Now here comes this development. There's going to be an announcement about Cerebus TV -- details at CerebusTV, appropriately enough. What's Cerebus TV? Haven't a clue.

Friday, September 4, 2009

Magazine News Roundup: Levi Johnson, Creepy, Gay GOPers, Obamas on Covers, & More

Oh, what a week in magazines!
  • Levi Johnson, the father of Sarah Palin's granddaughter, wrote an article in Vanity Fair that manages to surprise us even more -- and we thought we were immune to further Palinalia.
  • Oh, and Levi Johnson is reportedly going to pose nude or semi-nude for Playgirl (presumably for its web site, because it ceased printing issues last year).
  • Meanwhile, "actress" Linday Lohan has turned down nearly $1 million offered to her to pose nude for Playboy.
  • The Obama takeover of America's publishing industry continues. One of the Obamas will be on covers of a number of Rodale magazines, including the newly launched Children's Health. President Obama will be the cover man of Men's Health's October issue. They will not be nude.
  • Print magazines are dead, eh? Then why did a record 75 new titles launch in August? Huh, Mr./Ms. Smarty-Pants?
  • Disgraced South Carolina Gov. Mark Sanford's wife Jenny does a tell-all in the September issue of Vogue. And it doesn't look good for him.
  • Also, bad-boy Sanford is being tipped as the culprit behind rumors that Andre Bauer, his lt. governor and fellow Republican, is gay. It doesn't take a Ph.D. to figure this out: If Sanford is behind it, he's pretty clearly trying to scare off the easily-scared conservatives in the state government from forcing him out of office, because his position would then be filled by the presumably unfit-to-redecorate-the-governor's-mansion Bauer.
  • Dark Horse Comics launched its new comics-size edition of former magazine-sized comics magazine Creepy. It's got all-new material; it's still continuing to publish its excellent hard-bound reprint editions collecting all of the original Warren Creepy magazines (and separately the Eerie magazines).

Monday, August 31, 2009

Why Is Disney Buying Marvel Comics?

Starlog.com has a short note that media giant Disney has purchased Marvel Comics for about $4 billion.

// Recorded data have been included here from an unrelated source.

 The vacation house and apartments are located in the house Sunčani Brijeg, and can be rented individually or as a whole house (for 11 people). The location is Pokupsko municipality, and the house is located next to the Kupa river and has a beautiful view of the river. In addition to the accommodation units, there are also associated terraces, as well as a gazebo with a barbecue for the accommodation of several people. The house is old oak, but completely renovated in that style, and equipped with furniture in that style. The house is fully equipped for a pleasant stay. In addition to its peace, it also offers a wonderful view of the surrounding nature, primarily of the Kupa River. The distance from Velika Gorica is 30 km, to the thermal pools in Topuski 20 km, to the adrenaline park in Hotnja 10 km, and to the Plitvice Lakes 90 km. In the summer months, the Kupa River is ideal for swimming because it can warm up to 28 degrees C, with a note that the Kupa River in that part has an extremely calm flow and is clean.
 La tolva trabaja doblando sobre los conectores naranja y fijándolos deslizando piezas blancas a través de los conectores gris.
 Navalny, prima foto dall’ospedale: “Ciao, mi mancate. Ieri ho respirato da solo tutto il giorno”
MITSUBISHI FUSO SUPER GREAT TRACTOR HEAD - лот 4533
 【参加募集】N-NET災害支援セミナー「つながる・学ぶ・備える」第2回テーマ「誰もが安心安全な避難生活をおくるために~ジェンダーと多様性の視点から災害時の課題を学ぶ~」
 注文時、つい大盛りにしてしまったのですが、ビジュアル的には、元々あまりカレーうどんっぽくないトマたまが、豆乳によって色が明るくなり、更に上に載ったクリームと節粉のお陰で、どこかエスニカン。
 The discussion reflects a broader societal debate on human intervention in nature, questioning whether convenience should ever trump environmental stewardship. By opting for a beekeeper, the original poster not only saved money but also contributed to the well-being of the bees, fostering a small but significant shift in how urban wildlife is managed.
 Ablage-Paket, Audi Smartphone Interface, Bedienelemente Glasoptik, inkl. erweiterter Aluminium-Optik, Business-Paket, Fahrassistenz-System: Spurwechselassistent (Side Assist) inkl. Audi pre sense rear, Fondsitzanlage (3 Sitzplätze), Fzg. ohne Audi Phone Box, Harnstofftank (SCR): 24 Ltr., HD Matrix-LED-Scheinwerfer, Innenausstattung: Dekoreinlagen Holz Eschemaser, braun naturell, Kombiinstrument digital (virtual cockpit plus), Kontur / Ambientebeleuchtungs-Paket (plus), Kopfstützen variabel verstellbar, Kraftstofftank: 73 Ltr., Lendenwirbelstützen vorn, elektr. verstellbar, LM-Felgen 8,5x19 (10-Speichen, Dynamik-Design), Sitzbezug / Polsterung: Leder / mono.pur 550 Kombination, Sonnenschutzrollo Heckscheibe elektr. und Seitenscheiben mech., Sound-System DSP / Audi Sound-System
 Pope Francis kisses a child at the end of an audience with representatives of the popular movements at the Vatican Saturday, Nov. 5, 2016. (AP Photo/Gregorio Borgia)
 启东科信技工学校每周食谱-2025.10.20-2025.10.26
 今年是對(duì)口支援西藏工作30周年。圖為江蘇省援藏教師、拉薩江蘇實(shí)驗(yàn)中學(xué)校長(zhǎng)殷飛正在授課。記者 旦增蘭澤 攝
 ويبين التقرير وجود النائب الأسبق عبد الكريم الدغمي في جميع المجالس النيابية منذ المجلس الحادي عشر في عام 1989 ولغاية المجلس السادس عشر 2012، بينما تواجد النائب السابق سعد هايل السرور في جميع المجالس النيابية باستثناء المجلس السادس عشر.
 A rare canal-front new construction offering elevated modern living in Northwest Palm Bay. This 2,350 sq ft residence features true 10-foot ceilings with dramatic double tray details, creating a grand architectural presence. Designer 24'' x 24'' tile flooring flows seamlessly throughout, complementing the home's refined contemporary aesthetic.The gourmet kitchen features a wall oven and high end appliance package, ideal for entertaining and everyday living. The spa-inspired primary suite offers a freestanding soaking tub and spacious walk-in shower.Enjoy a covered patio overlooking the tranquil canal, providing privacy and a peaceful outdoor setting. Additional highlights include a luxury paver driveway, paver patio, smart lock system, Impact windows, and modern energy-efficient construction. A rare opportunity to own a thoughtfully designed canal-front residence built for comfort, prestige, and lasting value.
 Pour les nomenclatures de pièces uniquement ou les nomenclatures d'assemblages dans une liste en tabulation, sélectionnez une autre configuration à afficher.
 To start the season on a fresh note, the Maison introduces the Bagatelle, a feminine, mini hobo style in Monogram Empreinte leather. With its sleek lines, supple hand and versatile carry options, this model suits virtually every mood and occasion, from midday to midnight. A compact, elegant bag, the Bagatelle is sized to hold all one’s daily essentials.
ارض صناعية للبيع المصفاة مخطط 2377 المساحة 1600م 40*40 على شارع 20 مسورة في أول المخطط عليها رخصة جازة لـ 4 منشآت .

The New York Times reports that "Isaac Perlmutter, Marvel’s chief executive, will continue to oversee his company’s properties, including more than 5,000 characters that also include Iron Man and the X-Men." So who knows what Disney has in store for the creation of new characters or the print side of the Marvel comics universe, but it will certainly put it in a great position to exploit the characters in film and television. In the past decade, there have been numerous wildly successful Marvel movies, including the X-Men and Spiderman series and the first Ironman.

So it'll be great for business. Time will tell if it will be great for readers and other audiences.

UPDATE at 7:15 am: The Wall Street Journal posted the official press release. Read it here. In it, Walt Disney chief Robert Iger says those magic words that make fans' hearts go pitter-patter: "We believe that adding Marvel to Disney's unique portfolio of brands provides significant opportunities for long-term growth and value creation." Which means, they'll get richer. But hey, if it gives a sound financial backing to a major comics publisher, who's really going to complain?